It is common for liquidators (and all of us working in the insolvency industry) to work with a few firms or individuals and for referrals to predominantly be distributed amongst those. In the recent decision in Re Walton Construction Pty Ltd (In Liq); ASIC V Franklin  FCA 68, the Federal Court considered when that relationship might amount to a conflict.
The plaintiff was the Australian Securities and Investments Commission (ASIC). The fourth and fifth defendants were two companies in liquidation (Companies), and the first, second and third defendants (Liquidators) were the liquidators of the Companies, who had previously acted as administrators of the Companies.
The Liquidators were appointed as administrators of the Companies after referral from a business advisory and restructuring business (the Referrer). The Referrer had previously worked with the Companies prior to their collapse.
ASIC made an application for the removal of the Liquidators and further, sought a declaration that the Liquidators contravened section 436DA of the Corporations Act 2001 (the Act) because their “declaration of relevant relationships” was said to be deficient. The application was dismissed on both counts.
ASIC contended that the Liquidators should be removed for a lack of independence and impartiality because:
- Of an ongoing and prior relationship between the Referrer and the Liquidators’ firm.
- It would be necessary for the Liquidators to investigate transactions of the Companies with other companies connected with the Referrer, and a need to determine if those transactions were uncommercial transactions, unreasonable director-related transactions, and whether the directors and/or personnel of the Referrer were involved.
ASIC’s contention was that the Liquidators had an ongoing commercial relationship with the Referrer, generating significant fees from that relationship. ASIC argued that this would give rise to “a reasonable perception or apprehension that the liquidators would not bring an impartial and unprejudiced mind to the investigation” of the subject transactions. In support of the declaration sought pursuant to section 436DA of the Act, ASIC contended that the Liquidators failed to disclose that transactions involving the Referrer may need to be investigated.

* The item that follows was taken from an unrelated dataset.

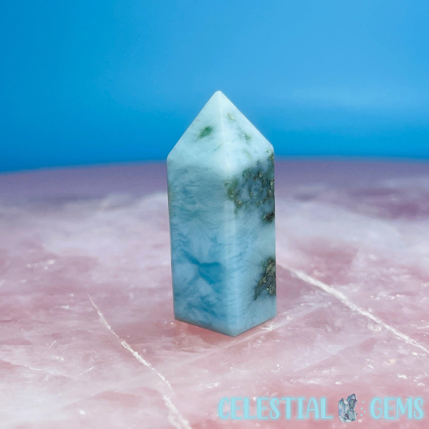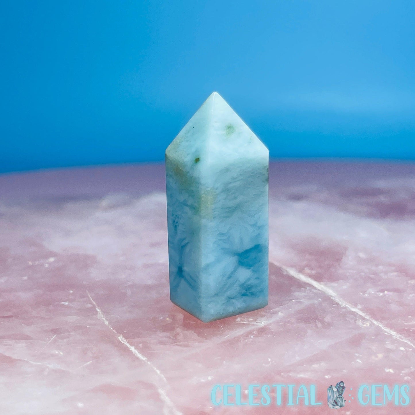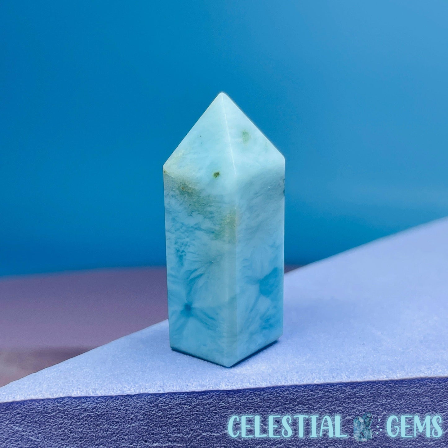 A mini point of rare Larimar (Blue Pectolite) from the Dominican Republic. Approx. 2.9cm x 1.2cm.
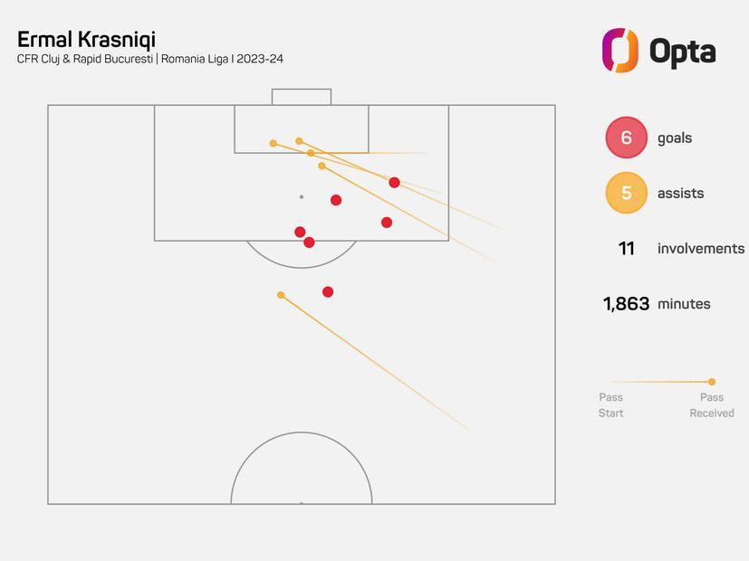 Ermal Krasniqi – data z rumunské Ligy I 2023/24 a Chance ligy 2024/25 |

To this end, the Liquidators disclosed their firm’s association with the Referrer, and explained why this relationship did not compromise their independence. However, ASIC argued that the Liquidators had to address why the need for investigation did not result in a conflict.
In dismissing the application, Davies J referred to the test for determining whether a hypothetical, fair minded observer would apprehend a lack of independence and impartiality mentioned in Accord Pacific Holdings Pty Ltd v Gleeson  NSWSC 1021 and Ebner v Official Trustee in Bankruptcy (2000) 205 CLR 337. That is, that the test requires the “articulation of a logical connection between the matters which, it is said, may impede or inhibit the liquidators from acting impartially in the interests of all creditors in the discharge of their duties and the feared deviation from discharging their duties and responsibilities impartially.”
It was held that there was no logical connection made out to result in such a conflict and that a fair minded observer may reasonably conclude that the Liquidators would discharge their statutory duties and responsibilities impartially and as required by law.
This case assists liquidators who invariably rely on their relationships including those with turnaround/restructuring businesses for referrals when external administration is required. From a liquidator’s perspective, standard commercial relationships between liquidators and referrers in circumstances outlined above are not likely to result in the liquidator being removed.
This decision is a great display of common sense being applied by the Court. With the reduction in the volume of court- appointments, referrals can be an essential part of an insolvency practitioner’s business – and such relationships should not affect a practitioner’s duty to act impartially and discharge their duties and responsibilities.
That being said, if circumstances go beyond a normal commercial relationship between referrer and practitioner, a Court may reach a different conclusion than the Court did in this case and could remove the practitioner.
This case also serves as a reminder to all insolvency practitioners to ensure that all relevant relationships are properly disclosed upon consenting to being appointed administrators or liquidators to a company. Failure to do so is an offence pursuant to section 1311 of the Act.